Persistent Subscriptions: Managing live and replay transitions in Aeron

Aeron 1.51.0 introduces Persistent Subscriptions, a new Aeron Archive feature, sponsored by Nonco, that manages the transition between historical and live message streams for late-joining consumers. It’s an alternative to ReplayMerge, the existing mechanism for late-joiners, and adds IPC support, automatic slow consumer recovery, and an improved API.

Read all the release notes of Aeron 1.51.0 here >>

The Late-Joiner Problem

In any system, some consumers of a live stream of messages will fall behind it. This could be due to scheduled downtime or the result of network issues, but the outcome is the same. These consumers need to catch up on the missed messages before re-joining the live stream.

Catching up and consuming from live are fundamentally different operations, with different performance characteristics. Transitioning between them is non-trivial as it must be done without any data loss or duplication and with minimal impact on other consumers of the live stream.

Deployment topology complicates this further. Many systems colocate services on the same host to minimize latency by communicating over IPC, while still supporting distributed services over the network. This means that recovery and live consumption can happen over different transports. A solution must bridge this difference while utilizing the fastest transport available for a service.

None of this should be the consumer’s concern. A consumer’s job is to process a continuous stream of messages, regardless of whether it is a historical stream or a live one. Providing that stream is the infrastructure’s job.

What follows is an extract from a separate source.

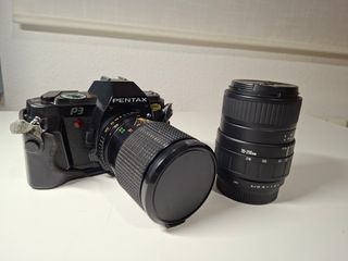 Cámara réflex analógica Pentax P3. - Cuerpo en color negro. - Incluye objetivo zoom Pentax Kalimar 28-80 f3,5 y - objetivo zoom Sigma 71-210 f4-5.6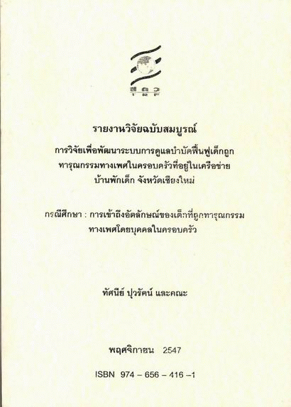 การวิจัยเพื่อพัฒนาระบบการดูแลบำบัดฟื้นฟูเด็กถูกทารุณกรรมทางเพศในครอบครัวที่อยู่ในเครือข่ายบ้านพักเด็ก จังหวัดเชียงใหม่ กรณีศึกษา : การเข้าถึงอัตลักษณ์ของเด็กที่ถูกทารุณกรรมทางเพศ โดยบุคคลในครอบครัว / ทัศนีย์ ปุวรัตน์ และคณะ

Persistent Subscriptions solve exactly this problem.

Background: What’s `ReplayMerge`?

To understand what Persistent Subscriptions changes, it helps to look at ReplayMerge, the original Aeron solution for late-joining consumers.

ReplayMerge uses a multi-destination subscription (MDS) to handle the transition from replay to live. The MDS is an Aeron subscription that receives data from multiple remote endpoints, limiting it to network transports. Replay leverages this mechanism to merge the historical and live streams together at the right point.

ReplayMerge was designed when system deployments typically had individual services on their own hardware, so the UDP-only limitation was not an issue for the distributed deployments of the time.
Colocated services are more common these days, and for these systems, the lack of IPC support means ReplayMerge is not a solution.

For Aeron specifically, this means developers are prevented from using local archives to decrease replay latency for their consumers, and must go over the network even when a consumer is on the same machine as its publisher.

Persistent Subscriptions: A New Solution

Updating ReplayMerge to support IPC would require major breaking changes to its API, disrupting existing users in production.

Persistent Subscriptions were created to provide IPC support for those who need it without forcing existing users through a painful migration.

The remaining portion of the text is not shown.